Americans are lost in the wilderness, many having lost (if they ever learned it in the first place) an understanding of how perfect our Constitution is and its connection to God. John Adams wrote:
“Our Constitution was made only for a moral and religious people. It is wholly inadequate to the government of any other.”
Losing control of both the House and the Senate in this year’s midterms would be a political and moral Armageddon for the country. Prediction markets have been impressively accurate in predicting political outcomes. At the moment, Prediction markets give the odds of a Democratic sweep (Democrats winning both the House and the Senate) roughly 51–53%.
Don’t believe me as to how radical they’ve become? Just the other day, 37 or 40 (depending on how the issue was phrased) voted to deny Israel defensive weapons in a trend that’s been building since the October 7th massacre by Hamas. Dozens of House Democrats and some senators have publicly urged the removal of the President via impeachment or the 25th Amendment. Dems are chomping at the bit; they’re not hiding it!
Meanwhile, in the Senate, A sizable group of Senate Democrats has repeatedly filed and forced votes on War Powers resolutions to end U.S. military action related to Iran, becoming the de facto pro-Iran block. And, it does not end there: for 250 years, we’ve had the Electoral College to protect us against single-party rule. Democrats just secured the 18th state’s vote to abolish the College.
Democrats, except for a couple in particularly vulnerable Senate races, voted against the SAVE Act. Worse, three Republicans, Murkowski, Thune, and McConnell, are likely no votes.
I think we have to believe our eyes: Republicans themselves are to blame for the predicament they find themselves in, with no answer to the driving factor…TDS. We must strike a new way forward with what little time remains.
Anger Without Action?
Instead of imploring Republicans to turn out for the midterms (which they historically won’t), what to do? Ask any motivated conservative, and they’ll quickly come back with a litany of unaccomplished tasks that they’re livid about and seek to punish someone for:
- Deporting illegal aliens. Not for wont of trying, but a combination of the courts’ impeding removals at the state and national level, plus an inability to effectively communicate to the public the scope and cost of illegal immigration, has slowed removals to an unacceptably low number, swaying public opinion.

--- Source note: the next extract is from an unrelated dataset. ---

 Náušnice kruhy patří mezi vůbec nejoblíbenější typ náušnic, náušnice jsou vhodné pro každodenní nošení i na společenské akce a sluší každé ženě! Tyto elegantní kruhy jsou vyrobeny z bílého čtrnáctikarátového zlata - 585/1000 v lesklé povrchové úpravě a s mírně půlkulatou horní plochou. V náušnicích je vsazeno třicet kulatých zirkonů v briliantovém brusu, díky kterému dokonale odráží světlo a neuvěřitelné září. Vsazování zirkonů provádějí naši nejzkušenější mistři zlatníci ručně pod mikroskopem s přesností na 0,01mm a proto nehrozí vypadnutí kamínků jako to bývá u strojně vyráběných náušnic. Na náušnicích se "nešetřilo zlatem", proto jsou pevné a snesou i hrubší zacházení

- Sanctuary cities/states are blatantly unconstitutional because they don’t just “decline to cooperate” — they actively erect political barricades against federal law, daring Washington to enforce immigration statutes that the Constitution clearly places under federal authority, nullifying laws they don’t like, substituting ideological posturing vs. upholding the law, daring courts to call their bluff. The Supremacy Clause is clear: states have crossed the line into defiance, opening them to violations of several federal statutes. Where are the challenges?
- Conservatives have talked a big game about fiscal discipline for decades. Yet, once in power, they repeatedly buckle, passing bloated budgets, omnibus monstrosities, and debt-ballooning deals that look indistinguishable from the spending habits they campaigned against. Voters notice.

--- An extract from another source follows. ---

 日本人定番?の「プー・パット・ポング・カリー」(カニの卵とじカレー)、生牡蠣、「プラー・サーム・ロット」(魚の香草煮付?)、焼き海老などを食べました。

- Republicans fail to confront institutional corruption inside the federal bureaucracy, choosing hearings and sound bites over structural reform. Leadership rails against politicized agencies on the campaign trail but shrinks from the actual work of dismantling entrenched power once in office, allowing the same unaccountable institutions to grow more aggressive, more insulated, and more hostile to oversight.
Republicans must do something tremendously popular and unexpected if we are to have any chance to win the midterms. They must not simply try; they must deliver on at least some of the primary issues that voters sent the President and other GOP leaders to fix.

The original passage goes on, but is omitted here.